Data for processing:
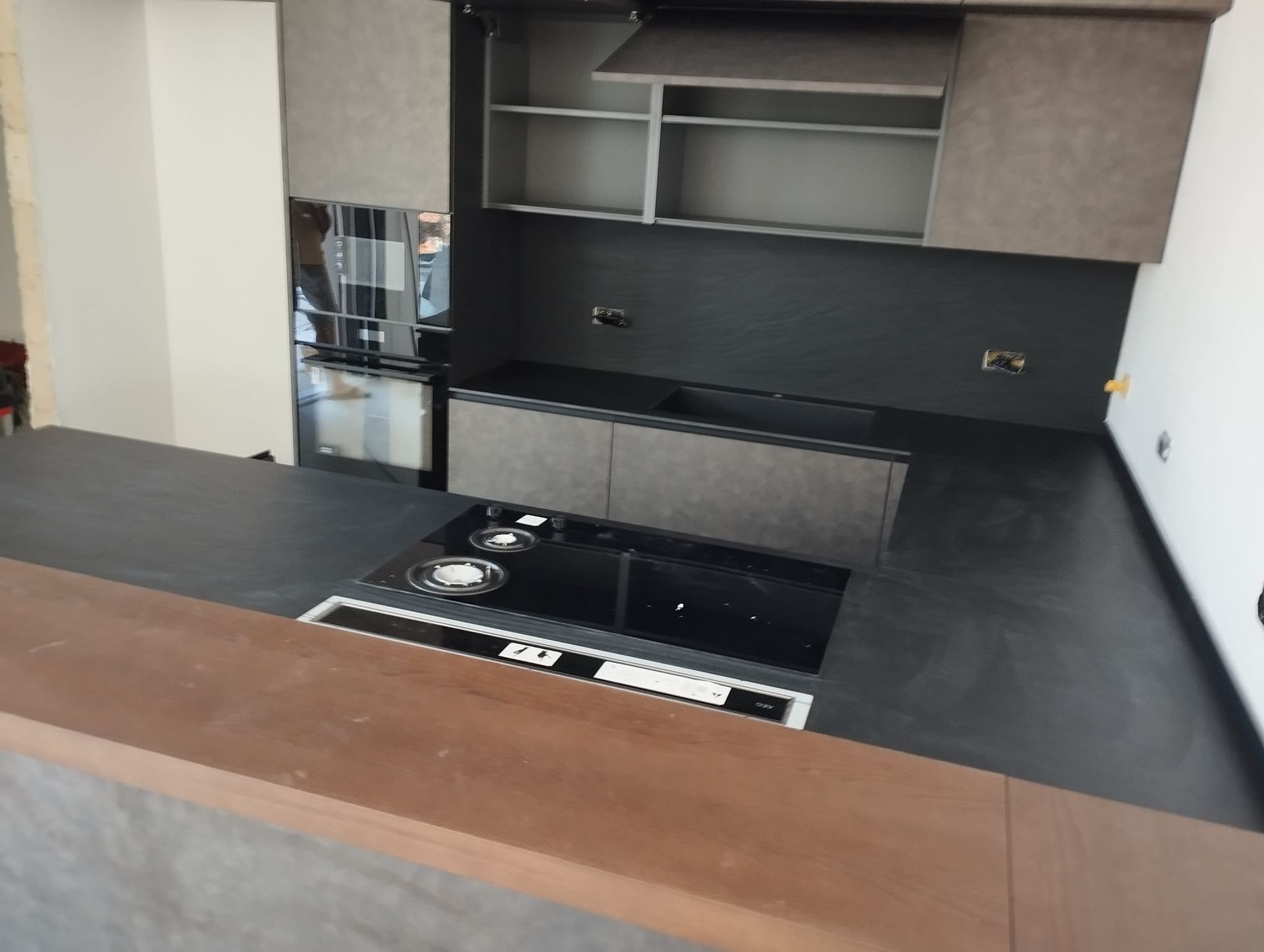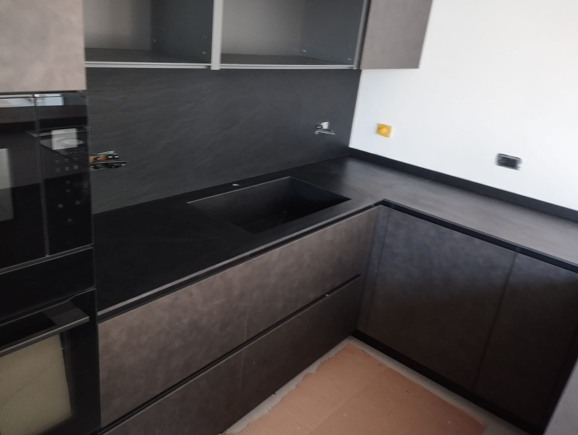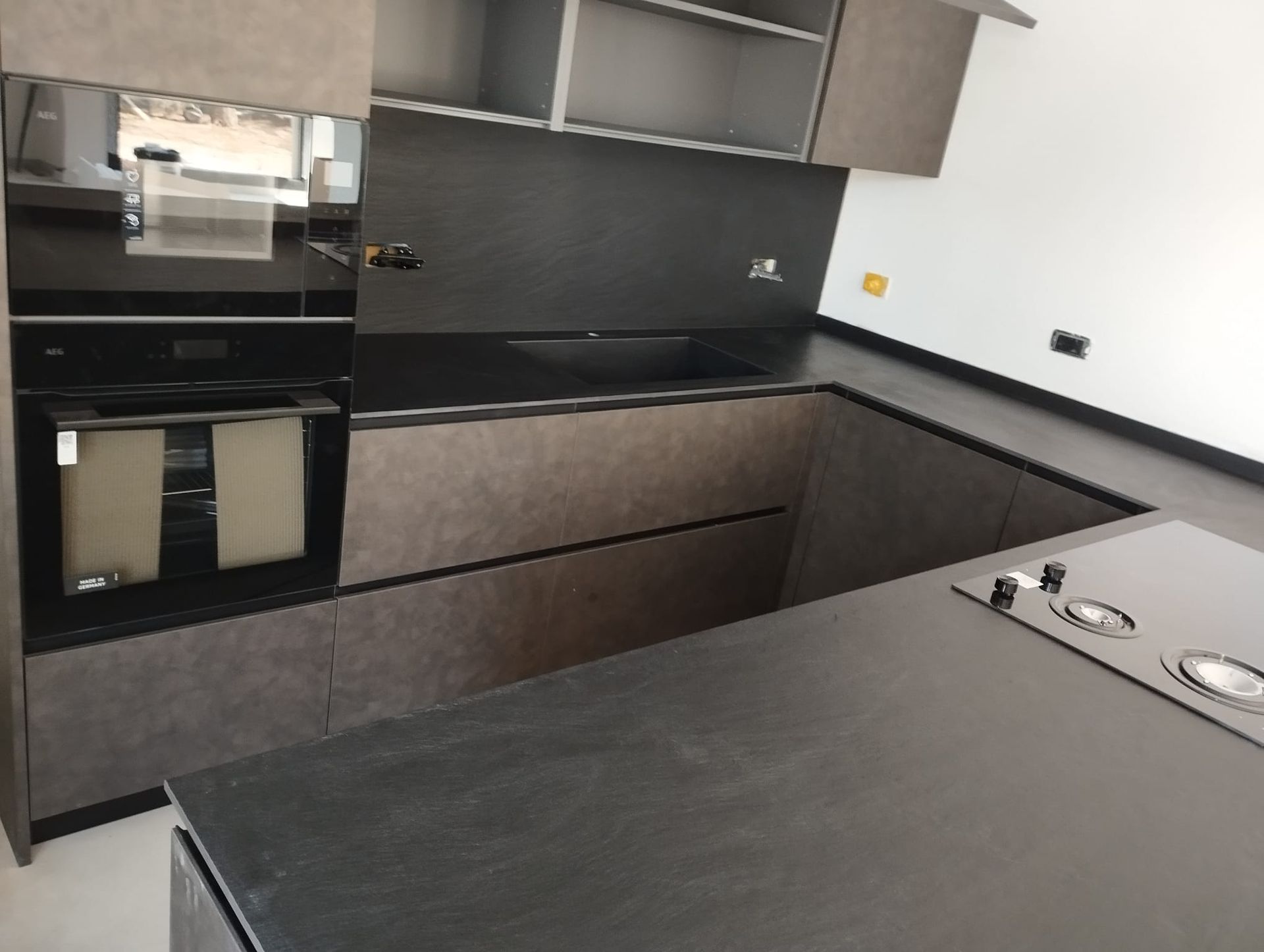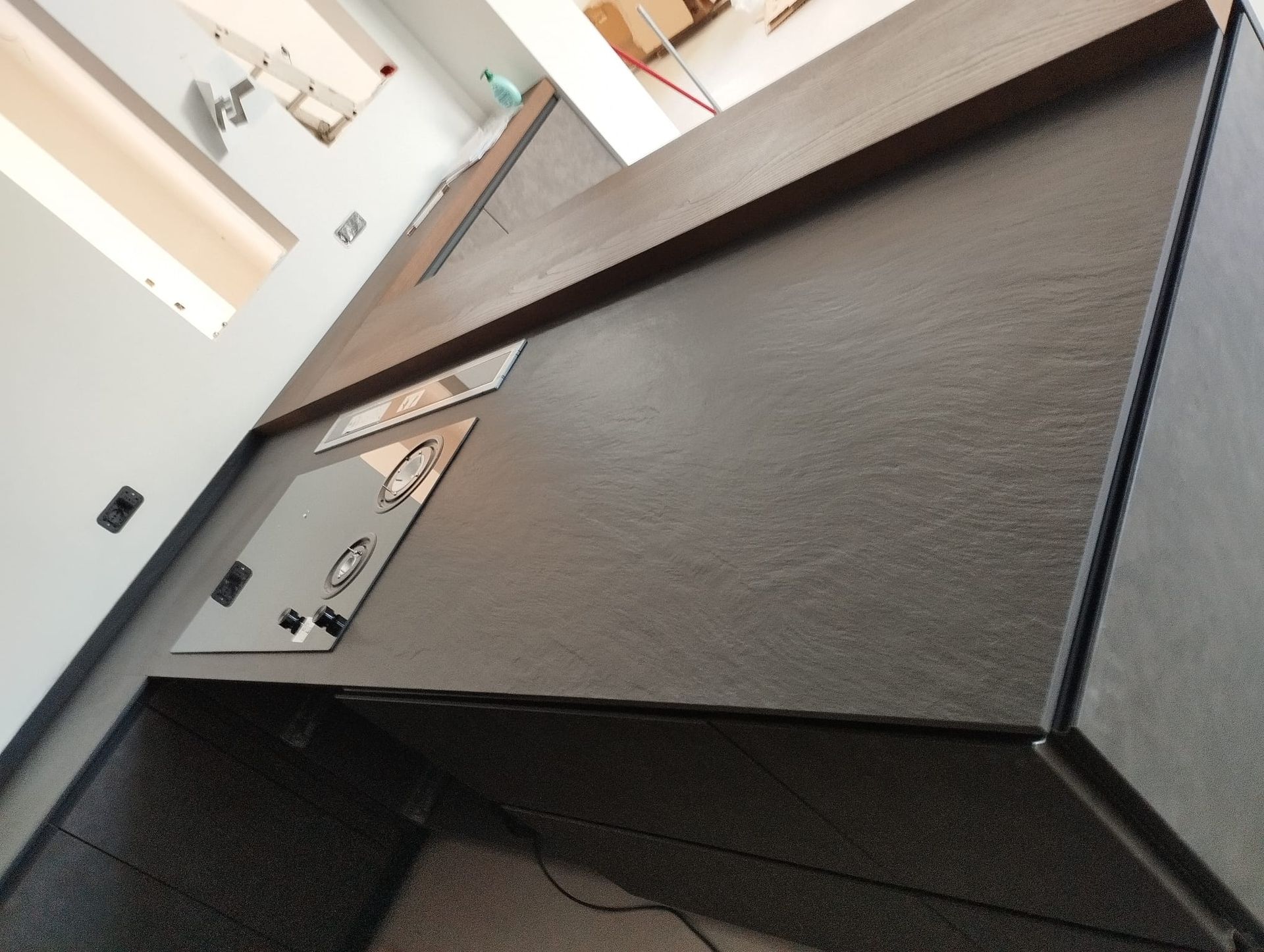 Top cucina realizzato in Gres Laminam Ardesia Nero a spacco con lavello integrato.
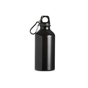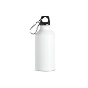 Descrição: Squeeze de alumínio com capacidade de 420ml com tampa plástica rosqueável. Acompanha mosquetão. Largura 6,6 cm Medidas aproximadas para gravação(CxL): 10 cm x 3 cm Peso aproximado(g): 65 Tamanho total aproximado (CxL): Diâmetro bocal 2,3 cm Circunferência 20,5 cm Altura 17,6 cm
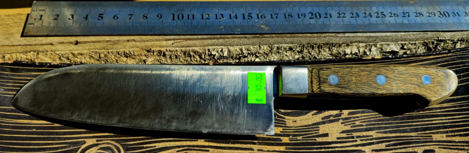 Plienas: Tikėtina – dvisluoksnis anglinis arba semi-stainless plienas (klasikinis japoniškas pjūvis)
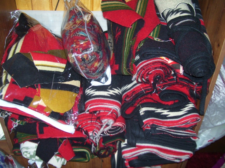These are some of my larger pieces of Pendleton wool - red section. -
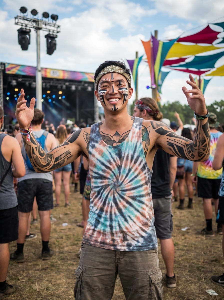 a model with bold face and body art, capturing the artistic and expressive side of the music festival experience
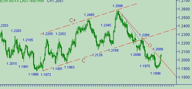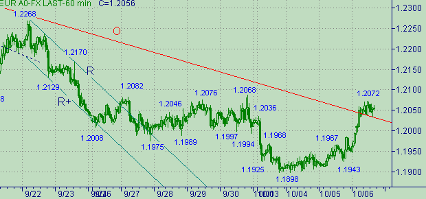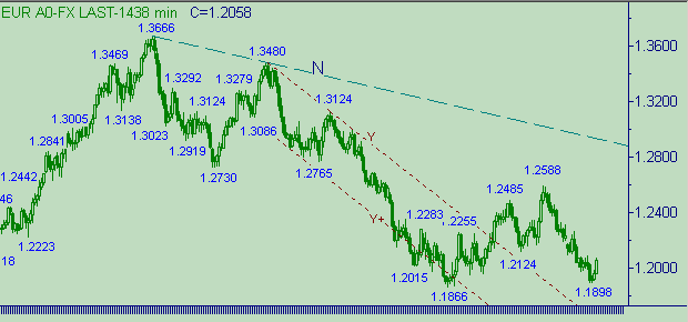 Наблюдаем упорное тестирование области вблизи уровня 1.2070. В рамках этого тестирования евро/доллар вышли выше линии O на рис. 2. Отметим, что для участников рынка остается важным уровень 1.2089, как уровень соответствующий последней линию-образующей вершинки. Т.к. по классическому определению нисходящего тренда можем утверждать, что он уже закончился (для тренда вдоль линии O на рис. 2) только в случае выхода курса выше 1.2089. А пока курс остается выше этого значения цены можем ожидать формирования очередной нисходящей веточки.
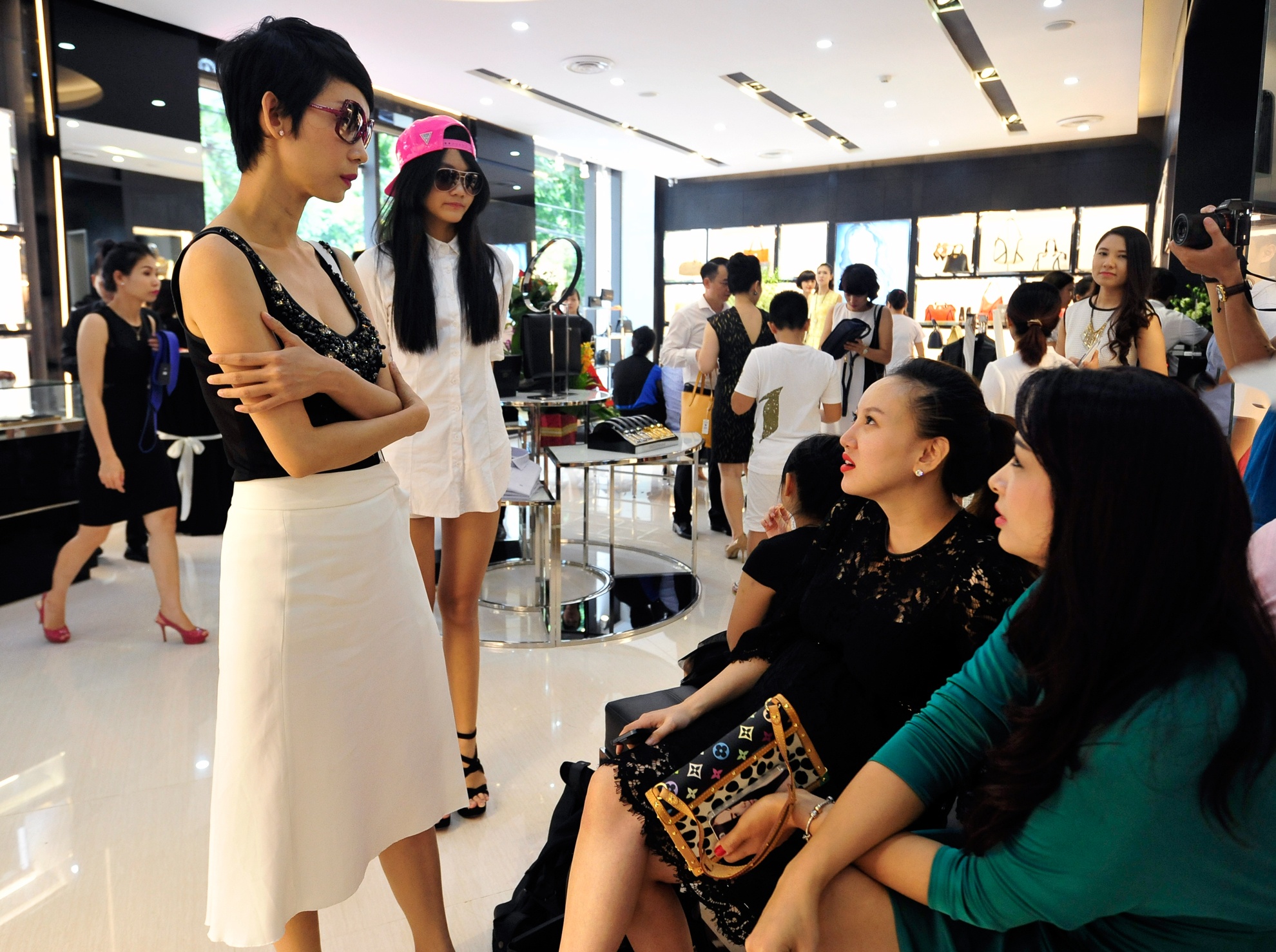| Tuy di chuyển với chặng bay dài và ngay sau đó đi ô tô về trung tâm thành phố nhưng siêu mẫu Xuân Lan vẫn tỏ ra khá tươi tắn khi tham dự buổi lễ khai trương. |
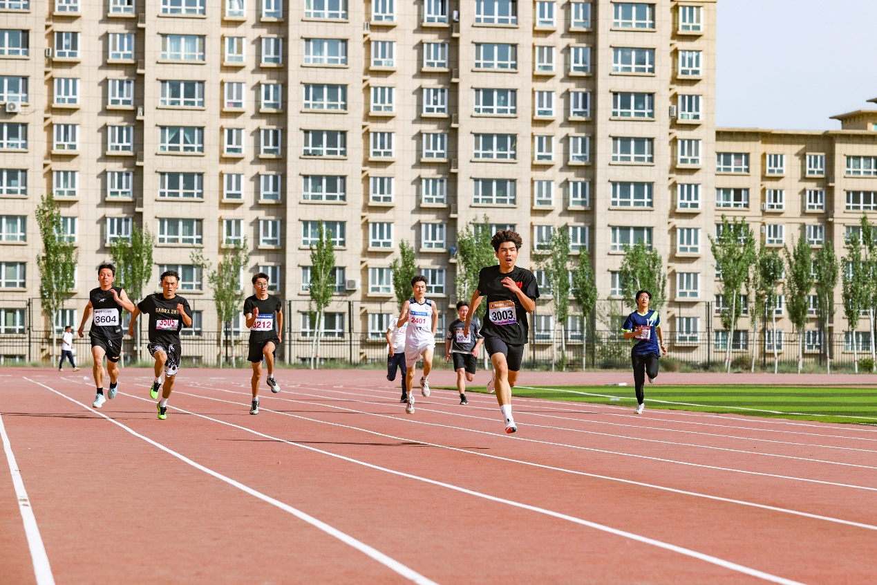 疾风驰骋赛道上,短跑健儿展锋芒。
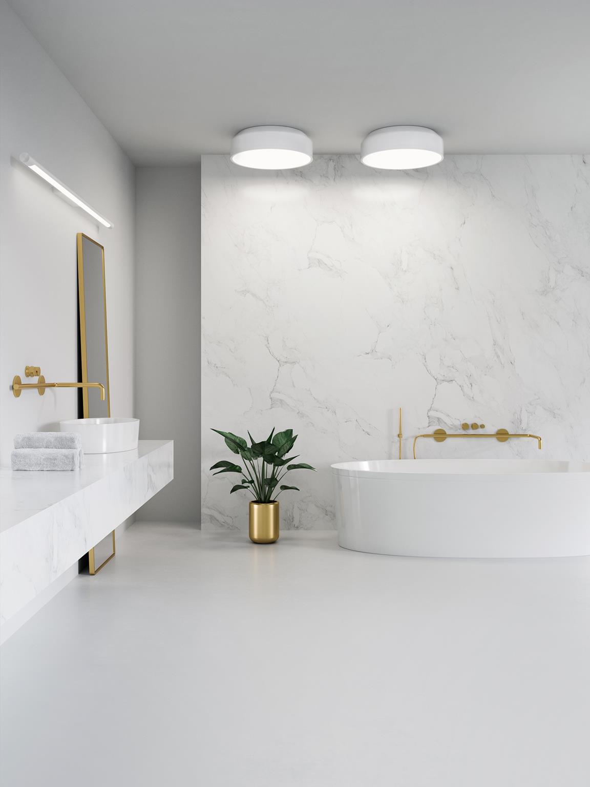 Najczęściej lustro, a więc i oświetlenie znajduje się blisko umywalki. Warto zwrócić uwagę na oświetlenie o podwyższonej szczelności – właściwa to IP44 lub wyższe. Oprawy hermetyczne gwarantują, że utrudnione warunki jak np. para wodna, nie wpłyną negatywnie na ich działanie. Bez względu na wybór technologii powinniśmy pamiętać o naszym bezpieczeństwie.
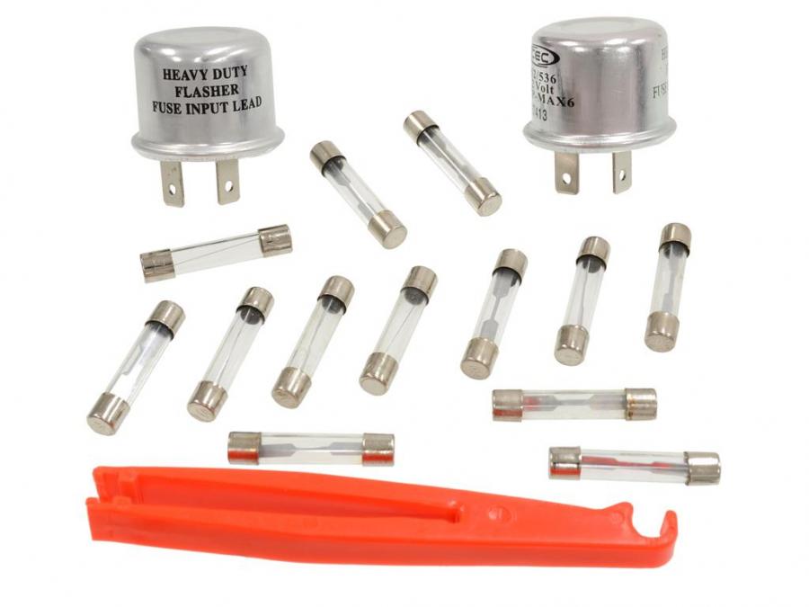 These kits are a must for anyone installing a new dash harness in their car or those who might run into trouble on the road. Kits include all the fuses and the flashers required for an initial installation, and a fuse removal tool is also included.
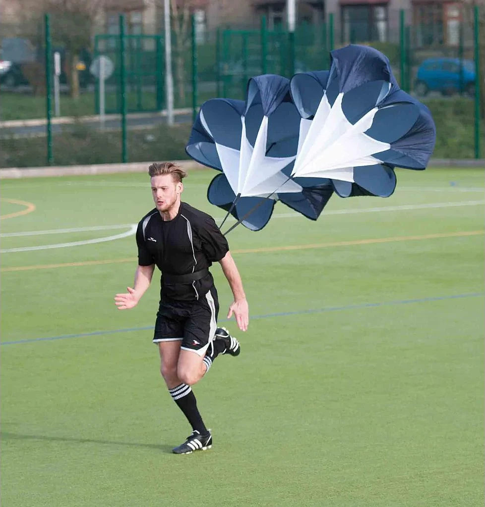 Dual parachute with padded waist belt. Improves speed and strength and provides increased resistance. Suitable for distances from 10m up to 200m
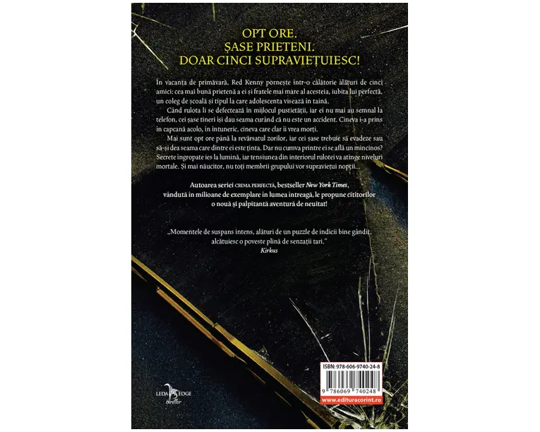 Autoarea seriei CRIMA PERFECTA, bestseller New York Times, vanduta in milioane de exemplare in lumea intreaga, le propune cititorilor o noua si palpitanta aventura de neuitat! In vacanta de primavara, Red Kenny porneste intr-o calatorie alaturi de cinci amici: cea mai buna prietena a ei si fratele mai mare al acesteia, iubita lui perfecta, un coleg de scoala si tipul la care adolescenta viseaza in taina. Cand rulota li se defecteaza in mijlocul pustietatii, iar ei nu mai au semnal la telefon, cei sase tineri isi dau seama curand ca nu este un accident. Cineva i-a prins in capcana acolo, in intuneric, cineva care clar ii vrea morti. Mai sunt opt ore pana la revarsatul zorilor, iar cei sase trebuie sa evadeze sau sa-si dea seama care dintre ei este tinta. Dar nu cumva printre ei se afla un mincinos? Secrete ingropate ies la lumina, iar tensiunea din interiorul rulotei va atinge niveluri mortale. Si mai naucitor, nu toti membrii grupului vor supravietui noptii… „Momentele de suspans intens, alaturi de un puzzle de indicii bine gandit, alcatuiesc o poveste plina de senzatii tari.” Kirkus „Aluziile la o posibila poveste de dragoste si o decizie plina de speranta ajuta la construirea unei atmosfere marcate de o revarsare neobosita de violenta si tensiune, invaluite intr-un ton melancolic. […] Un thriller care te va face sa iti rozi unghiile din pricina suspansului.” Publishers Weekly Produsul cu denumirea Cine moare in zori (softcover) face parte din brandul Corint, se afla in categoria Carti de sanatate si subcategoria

Problem details: Each line from the top of the records through the one containing "a model with" needs to be transcribed exactly, without pictures.

Exercise answer:
 Top cucina realizzato in Gres Laminam Ardesia Nero a spacco con lavello integrato.
 Descrição: Squeeze de alumínio com capacidade de 420ml com tampa plástica rosqueável. Acompanha mosquetão. Largura 6,6 cm Medidas aproximadas para gravação(CxL): 10 cm x 3 cm Peso aproximado(g): 65 Tamanho total aproximado (CxL): Diâmetro bocal 2,3 cm Circunferência 20,5 cm Altura 17,6 cm
 Plienas: Tikėtina – dvisluoksnis anglinis arba semi-stainless plienas (klasikinis japoniškas pjūvis)
These are some of my larger pieces of Pendleton wool - red section. -
 a model with bold face and body art, capturing the artistic and expressive side of the music festival experience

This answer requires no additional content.